-- Your instructions --
Only the text belongs in the copy. Transcribe the data exactly and drop any pictures.

[Dataset items]
-- Opening Marker --

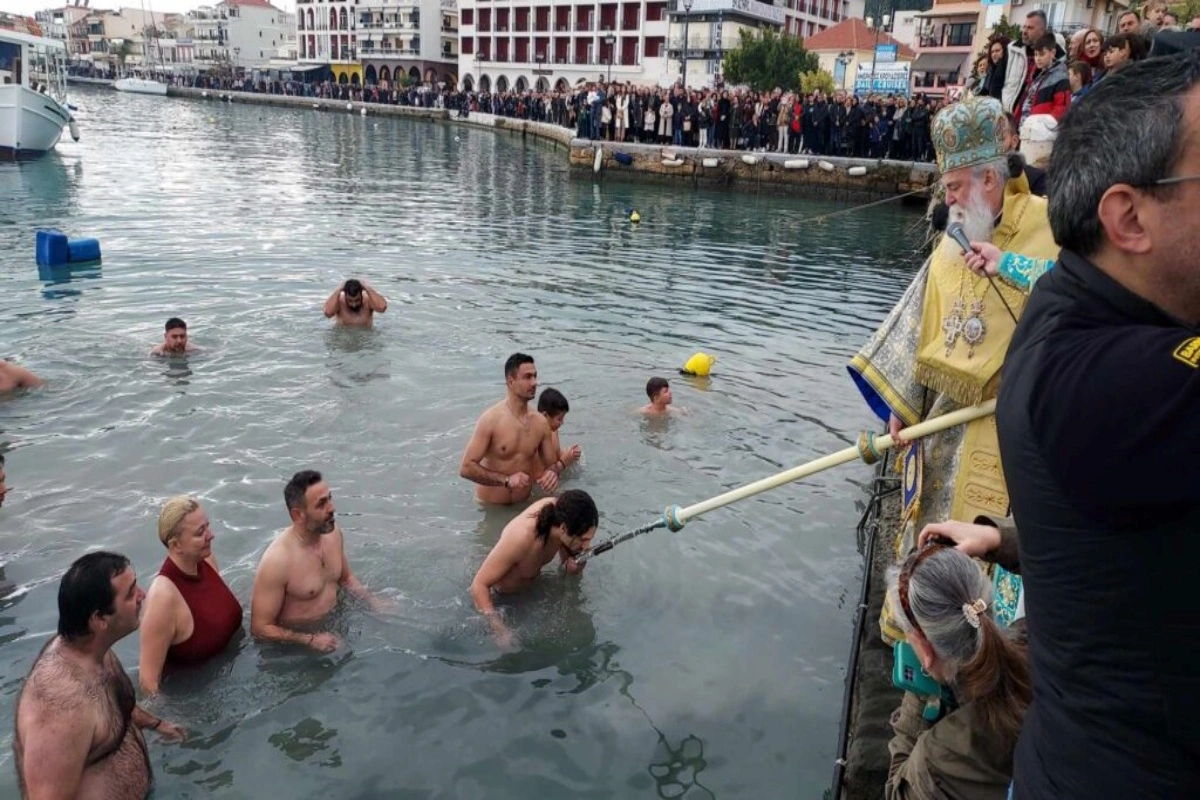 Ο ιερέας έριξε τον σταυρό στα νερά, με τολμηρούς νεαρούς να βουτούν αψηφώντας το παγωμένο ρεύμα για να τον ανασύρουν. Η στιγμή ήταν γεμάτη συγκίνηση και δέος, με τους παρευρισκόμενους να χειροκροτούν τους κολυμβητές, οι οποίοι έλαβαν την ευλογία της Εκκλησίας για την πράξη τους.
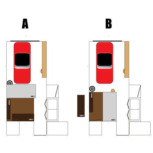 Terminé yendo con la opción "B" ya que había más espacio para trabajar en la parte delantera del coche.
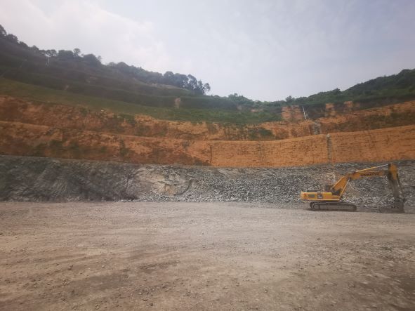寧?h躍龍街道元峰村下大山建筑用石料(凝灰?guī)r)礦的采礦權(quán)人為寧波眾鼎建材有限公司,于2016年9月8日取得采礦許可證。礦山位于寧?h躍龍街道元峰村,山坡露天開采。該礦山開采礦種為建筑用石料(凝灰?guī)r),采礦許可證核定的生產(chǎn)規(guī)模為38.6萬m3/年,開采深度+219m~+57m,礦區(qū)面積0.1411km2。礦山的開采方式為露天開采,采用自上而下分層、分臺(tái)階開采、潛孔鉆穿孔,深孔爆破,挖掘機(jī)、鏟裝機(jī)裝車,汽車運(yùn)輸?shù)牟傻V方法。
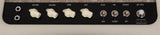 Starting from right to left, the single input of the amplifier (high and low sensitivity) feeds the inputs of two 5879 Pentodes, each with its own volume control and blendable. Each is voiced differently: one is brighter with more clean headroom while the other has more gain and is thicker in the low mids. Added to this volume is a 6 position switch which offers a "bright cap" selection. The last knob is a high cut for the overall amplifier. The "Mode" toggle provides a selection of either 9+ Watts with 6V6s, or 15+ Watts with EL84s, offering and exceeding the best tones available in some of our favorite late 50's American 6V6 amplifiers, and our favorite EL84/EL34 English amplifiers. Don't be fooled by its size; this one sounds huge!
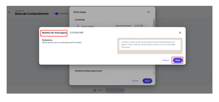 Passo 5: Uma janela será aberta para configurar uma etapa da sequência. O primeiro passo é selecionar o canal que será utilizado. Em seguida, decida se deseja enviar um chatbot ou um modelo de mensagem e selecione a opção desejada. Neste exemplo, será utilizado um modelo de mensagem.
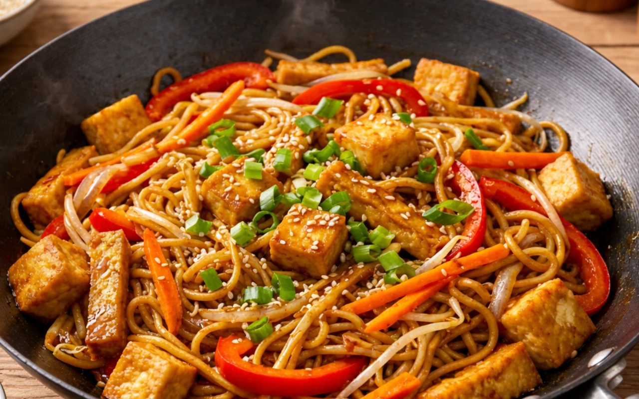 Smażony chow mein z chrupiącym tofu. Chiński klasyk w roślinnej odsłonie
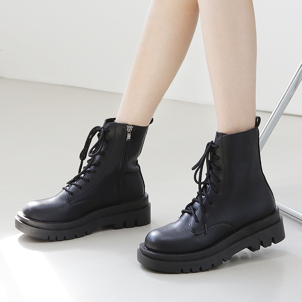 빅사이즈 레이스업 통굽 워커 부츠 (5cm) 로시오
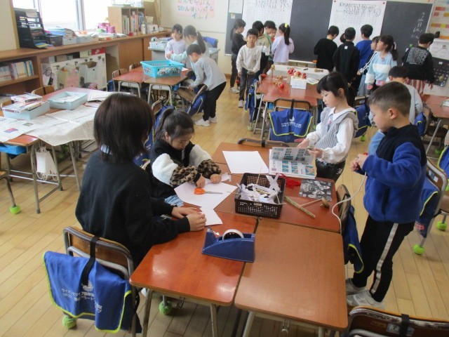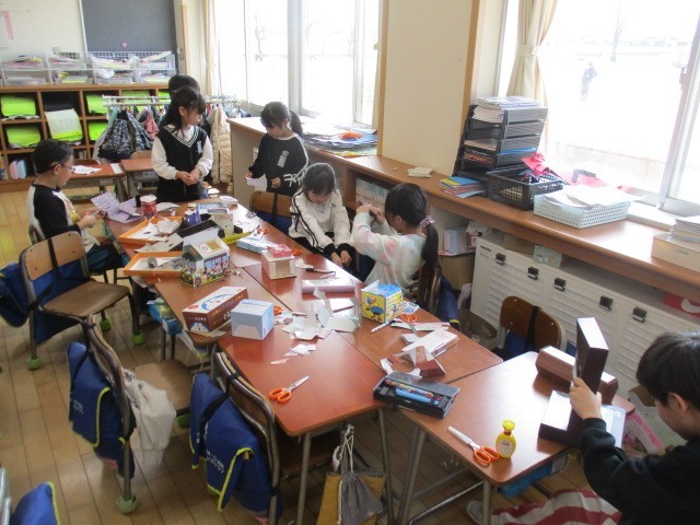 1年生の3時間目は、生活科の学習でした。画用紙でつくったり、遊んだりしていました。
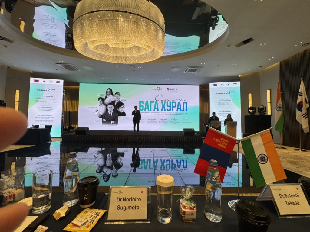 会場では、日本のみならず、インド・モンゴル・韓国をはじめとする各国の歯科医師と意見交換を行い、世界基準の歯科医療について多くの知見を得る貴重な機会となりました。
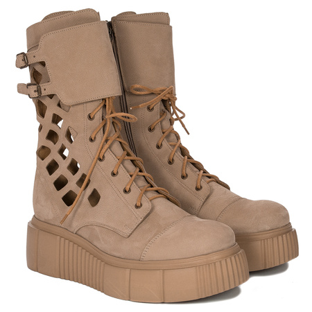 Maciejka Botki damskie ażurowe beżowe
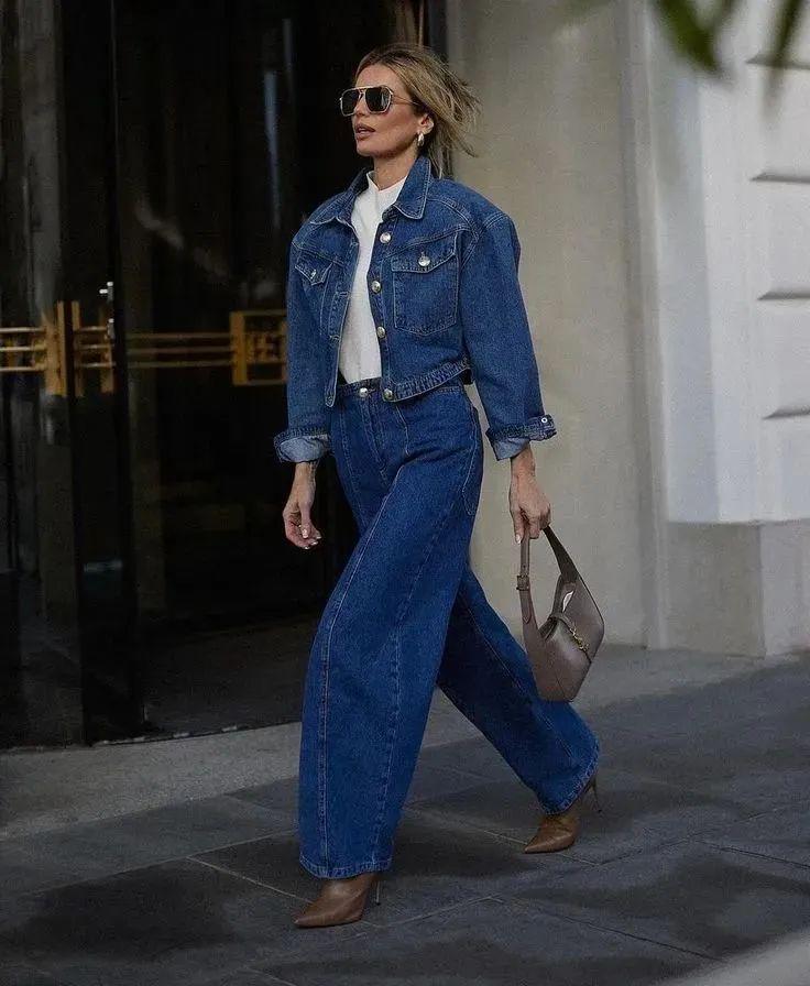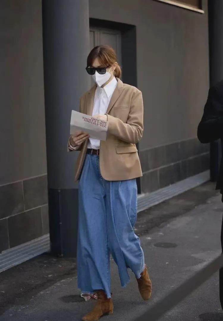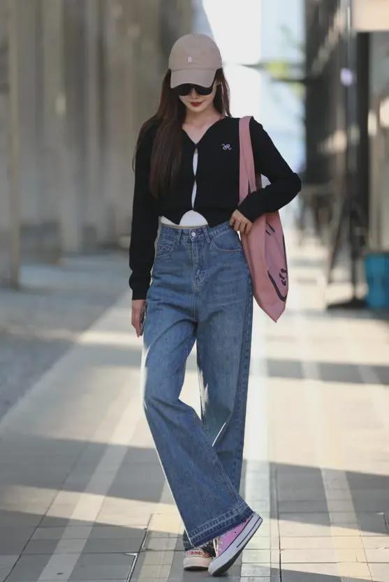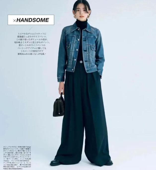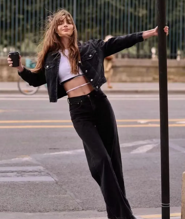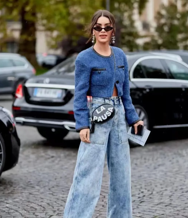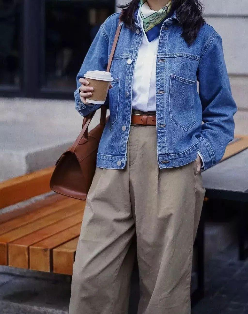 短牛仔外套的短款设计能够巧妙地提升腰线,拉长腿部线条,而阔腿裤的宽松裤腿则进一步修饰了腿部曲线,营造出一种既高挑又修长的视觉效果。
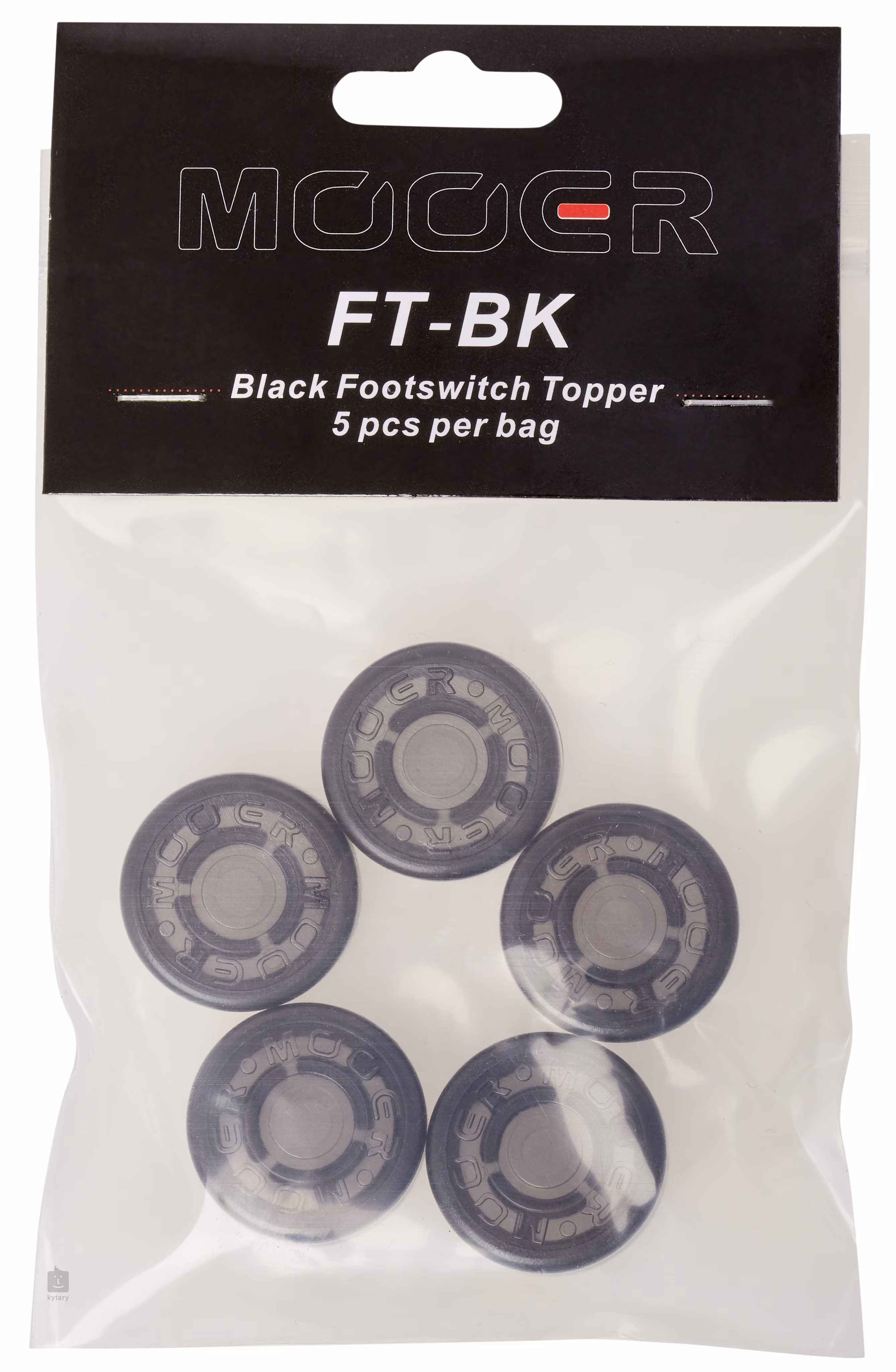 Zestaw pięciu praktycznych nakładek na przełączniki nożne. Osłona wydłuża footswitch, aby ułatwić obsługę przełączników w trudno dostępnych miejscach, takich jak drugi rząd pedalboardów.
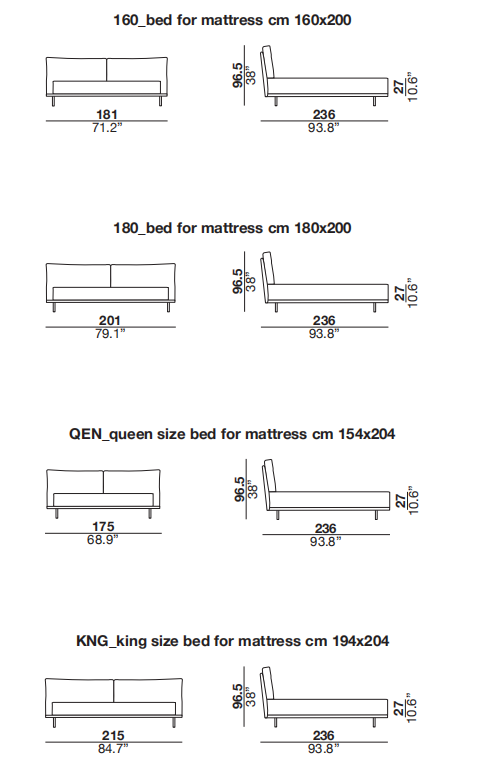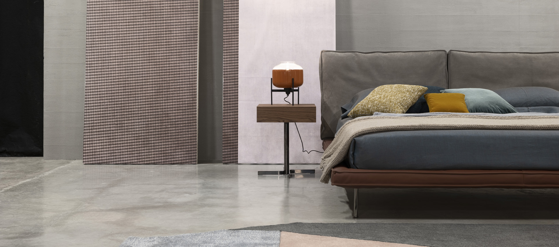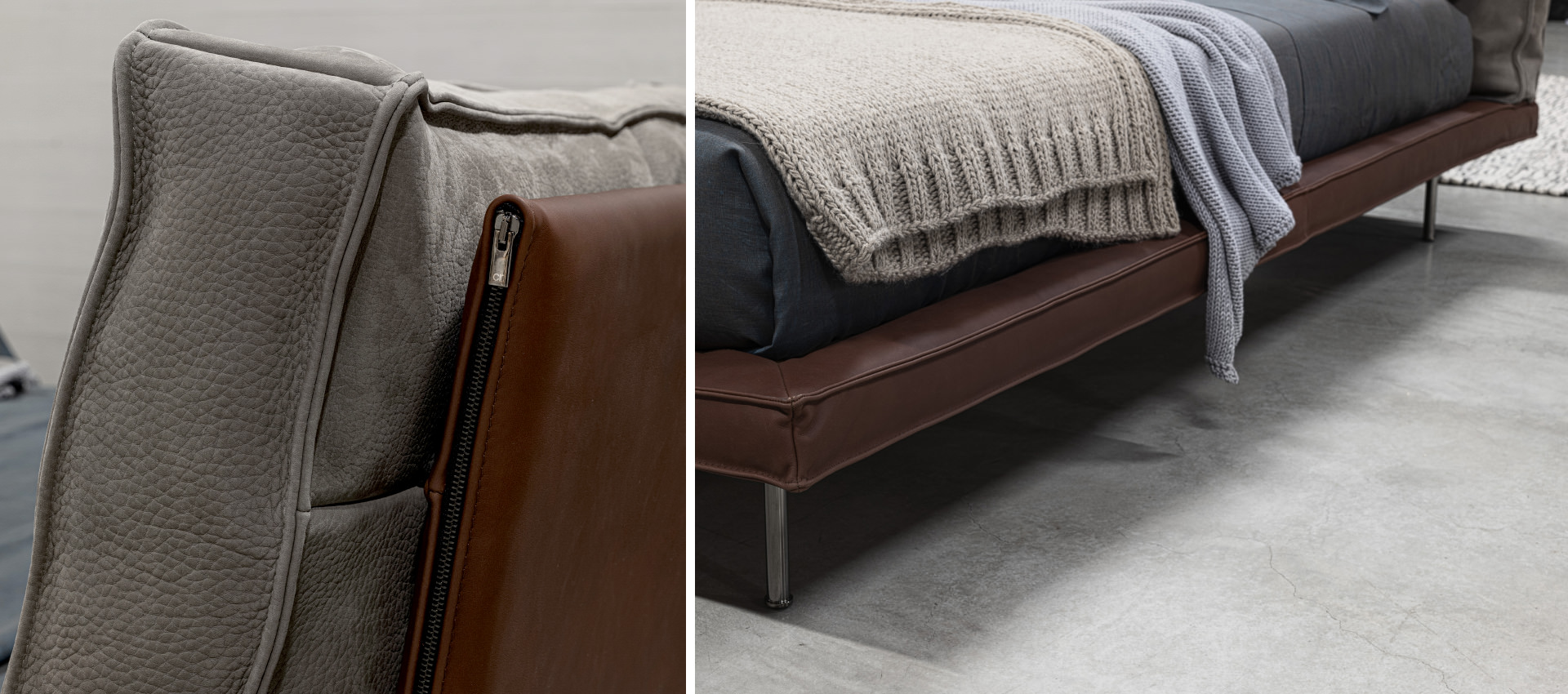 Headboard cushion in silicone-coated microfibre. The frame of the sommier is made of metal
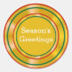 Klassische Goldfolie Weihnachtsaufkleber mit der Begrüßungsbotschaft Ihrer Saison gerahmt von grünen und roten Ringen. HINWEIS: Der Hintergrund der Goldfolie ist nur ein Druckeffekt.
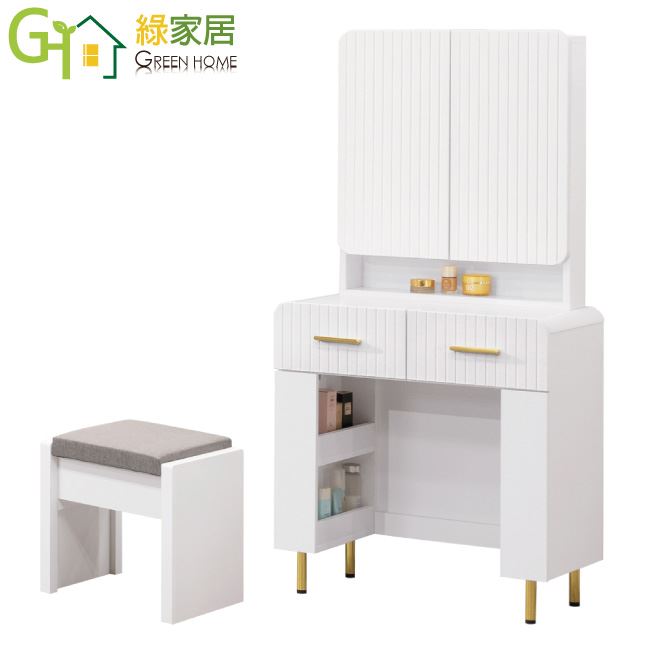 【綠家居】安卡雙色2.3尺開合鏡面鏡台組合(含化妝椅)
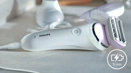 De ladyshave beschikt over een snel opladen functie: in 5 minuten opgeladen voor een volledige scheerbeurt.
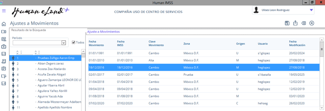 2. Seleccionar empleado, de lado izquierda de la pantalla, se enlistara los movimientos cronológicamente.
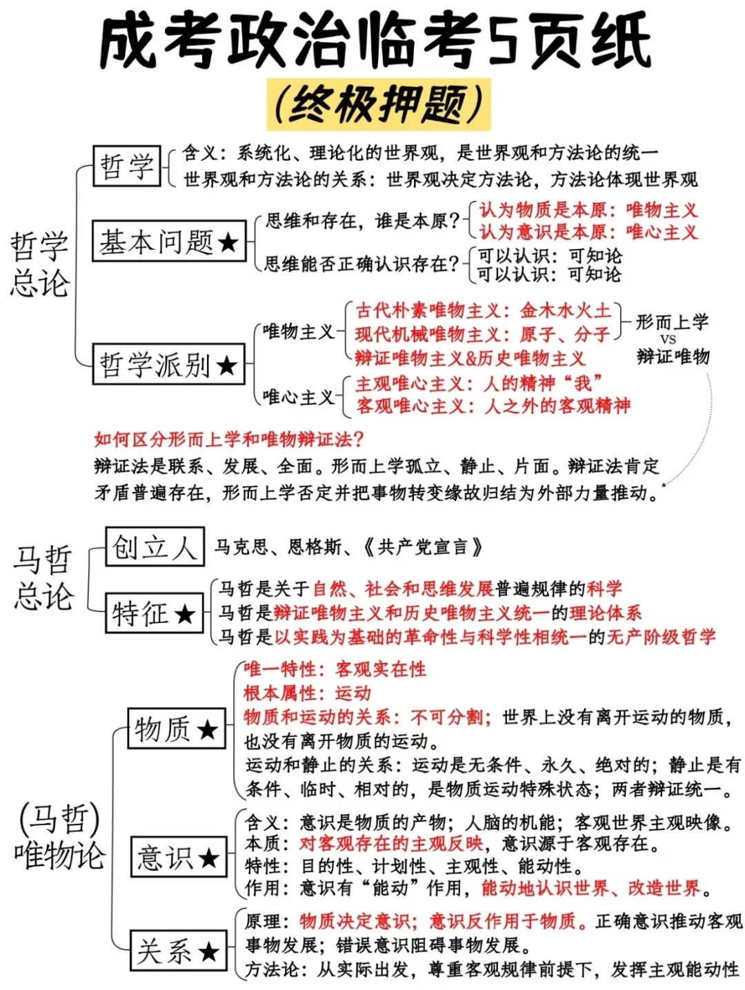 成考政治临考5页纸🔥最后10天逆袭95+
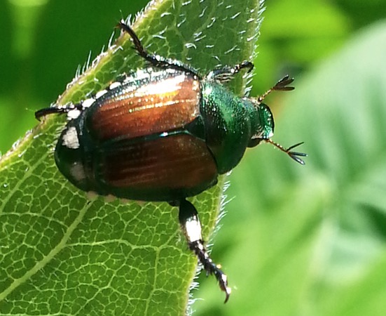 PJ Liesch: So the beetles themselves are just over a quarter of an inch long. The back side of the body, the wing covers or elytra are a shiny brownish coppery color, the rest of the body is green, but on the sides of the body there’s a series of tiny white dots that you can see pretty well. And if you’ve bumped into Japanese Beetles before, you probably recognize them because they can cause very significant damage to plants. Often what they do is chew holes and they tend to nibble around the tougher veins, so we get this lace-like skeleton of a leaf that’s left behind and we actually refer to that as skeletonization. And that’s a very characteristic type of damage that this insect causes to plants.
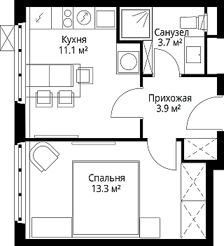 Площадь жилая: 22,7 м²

-- Closing Marker --

-- Exercise answer --
 Ο ιερέας έριξε τον σταυρό στα νερά, με τολμηρούς νεαρούς να βουτούν αψηφώντας το παγωμένο ρεύμα για να τον ανασύρουν. Η στιγμή ήταν γεμάτη συγκίνηση και δέος, με τους παρευρισκόμενους να χειροκροτούν τους κολυμβητές, οι οποίοι έλαβαν την ευλογία της Εκκλησίας για την πράξη τους.
 Terminé yendo con la opción "B" ya que había más espacio para trabajar en la parte delantera del coche.
寧?h躍龍街道元峰村下大山建筑用石料(凝灰?guī)r)礦的采礦權(quán)人為寧波眾鼎建材有限公司,于2016年9月8日取得采礦許可證。礦山位于寧?h躍龍街道元峰村,山坡露天開采。該礦山開采礦種為建筑用石料(凝灰?guī)r),采礦許可證核定的生產(chǎn)規(guī)模為38.6萬m3/年,開采深度+219m~+57m,礦區(qū)面積0.1411km2。礦山的開采方式為露天開采,采用自上而下分層、分臺(tái)階開采、潛孔鉆穿孔,深孔爆破,挖掘機(jī)、鏟裝機(jī)裝車,汽車運(yùn)輸?shù)牟傻V方法。
 Starting from right to left, the single input of the amplifier (high and low sensitivity) feeds the inputs of two 5879 Pentodes, each with its own volume control and blendable. Each is voiced differently: one is brighter with more clean headroom while the other has more gain and is thicker in the low mids. Added to this volume is a 6 position switch which offers a "bright cap" selection. The last knob is a high cut for the overall amplifier. The "Mode" toggle provides a selection of either 9+ Watts with 6V6s, or 15+ Watts with EL84s, offering and exceeding the best tones available in some of our favorite late 50's American 6V6 amplifiers, and our favorite EL84/EL34 English amplifiers. Don't be fooled by its size; this one sounds huge!
 Passo 5: Uma janela será aberta para configurar uma etapa da sequência. O primeiro passo é selecionar o canal que será utilizado. Em seguida, decida se deseja enviar um chatbot ou um modelo de mensagem e selecione a opção desejada. Neste exemplo, será utilizado um modelo de mensagem.
 Smażony chow mein z chrupiącym tofu. Chiński klasyk w roślinnej odsłonie
 빅사이즈 레이스업 통굽 워커 부츠 (5cm) 로시오
 1年生の3時間目は、生活科の学習でした。画用紙でつくったり、遊んだりしていました。
 会場では、日本のみならず、インド・モンゴル・韓国をはじめとする各国の歯科医師と意見交換を行い、世界基準の歯科医療について多くの知見を得る貴重な機会となりました。
 Maciejka Botki damskie ażurowe beżowe
 短牛仔外套的短款设计能够巧妙地提升腰线,拉长腿部线条,而阔腿裤的宽松裤腿则进一步修饰了腿部曲线,营造出一种既高挑又修长的视觉效果。
 Zestaw pięciu praktycznych nakładek na przełączniki nożne. Osłona wydłuża footswitch, aby ułatwić obsługę przełączników w trudno dostępnych miejscach, takich jak drugi rząd pedalboardów.
 Headboard cushion in silicone-coated microfibre. The frame of the sommier is made of metal
 Klassische Goldfolie Weihnachtsaufkleber mit der Begrüßungsbotschaft Ihrer Saison gerahmt von grünen und roten Ringen. HINWEIS: Der Hintergrund der Goldfolie ist nur ein Druckeffekt.
 【綠家居】安卡雙色2.3尺開合鏡面鏡台組合(含化妝椅)
 De ladyshave beschikt over een snel opladen functie: in 5 minuten opgeladen voor een volledige scheerbeurt.
 2. Seleccionar empleado, de lado izquierda de la pantalla, se enlistara los movimientos cronológicamente.
 成考政治临考5页纸🔥最后10天逆袭95+
 PJ Liesch: So the beetles themselves are just over a quarter of an inch long. The back side of the body, the wing covers or elytra are a shiny brownish coppery color, the rest of the body is green, but on the sides of the body there’s a series of tiny white dots that you can see pretty well. And if you’ve bumped into Japanese Beetles before, you probably recognize them because they can cause very significant damage to plants. Often what they do is chew holes and they tend to nibble around the tougher veins, so we get this lace-like skeleton of a leaf that’s left behind and we actually refer to that as skeletonization. And that’s a very characteristic type of damage that this insect causes to plants.
 Площадь жилая: 22,7 м²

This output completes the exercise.